I appreciate the compliments, Arfa.
I'm an aggressive editor, and really "lay into" a piece if I think it needs
it. (Most do.) My experience has been that most editors are "wussy", and
don't begin to do what's needed to improve.
When Jacqueline Kennedy was alive, "Esquire" (a porno-free men's magazine
that predates "Playboy" by 20 years) poked merciless fun at Ms Bouvier's
stint as an editor at a major publisher. "Mr Pynchon, I found a period in
the wrong place on page 275, and there's a semicolon on page 681 that I'm
not sure of, but otherwise, I don't see anything wrong." (Thomas Pynchon
writes immense novels, such as "Gravity's Rainbow".)
http://en.wikipedia.org/wiki/Thomas_Pynchon
I do not, however, change anything for the sake of changing it. I can defend
every change I make, though the author might not always agree. My goals are
simplicity and clarity -- especially for readers not familiar with the
material at hand.
Most writers (myself included) overwrite, using too many words and
pointlessly repeating ideas (while omitting important material). One of the
effects of "paring down" the writing is that the piece becomes easier to
read and understand. I also change words for a more-exact or vivid ones. I
try to make the piece engaging, something that a reader will want to read,
and enjoy reading.
I was not generally happy with the editing my work received at "Stereophile"
and "The Audio Amateur". Ed Dell, publisher of the latter, apologized,
saying that he couldn't find really good people. Not surprisingly, the
magazine couldn't afford to hire good editors.
I'm a degreed EE, so I'm not working from a position of total ignorance. If
I don't know something, I check Wikipedia (which has lots of technical
articles, of widely varying usefulness) and the Web. I high whatever points
of confusion remain, so my boss can fix them (if he chooses).
One of /the/ great pieces of technical writing is Philbrick's book on op
amps. It's nearly 50 years old, but still has all sorts of useful
information, with the most-amazing indexing and cross-referencing you will
ever see in a book. Your jaw will drop. It's also a "good read". I cut my
op-amp teeth on it 40 years ago, and several years back an engineer in a
UseNet group (perhaps this one) sent me a copy. I treasure it.
Unfortunately, I think that the skill levels of many editors, don't match
those which you seem to possess. I think that many believe that just because
an article has been passed to them for 'editing', it must then be altered
and generally 'messed about' in order to justify the fact that it *has* been
passed to them, and that they have earned their fee. I have had articles
that I've written, totally mauled by an insensitive hand. Words and phrases
that I've chosen very carefully have been changed or removed, resulting in
(sometimes) a complete reversal of the intention of a whole paragraph, let
alone a sentence, indicating that the editor had no understanding of the
subject material, nor the people who were its targeted readers.

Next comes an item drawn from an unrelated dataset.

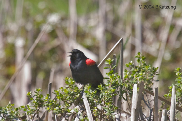 Red-winged blackbird males sit on reeds in marshy areas making their territorial claims as loudly as they can. There were a couple of them in these cattails at Audubon Canyon Ranch in Marin County, California when I saw them on 28 March, 2004. Image captured with a Canon 10D camera and 100-400 mm L IS lens plus 2x tele-extender at 600 mm focal length.

I have also had grammatically correct structures changed into ones that are
not, and correct spellings changed for wrong ones. By the same token, I
became very close to the editor of one magazine that I wrote for, and he
told me that my copy was a pleasure for him to work with, because the only
'editing' that he ever had to do to it, was an occasional slight precis-ing
of a paragraph to make the article fit the space available. This was always
done very carefully and sensitively so as to impact on the content as little
as possible.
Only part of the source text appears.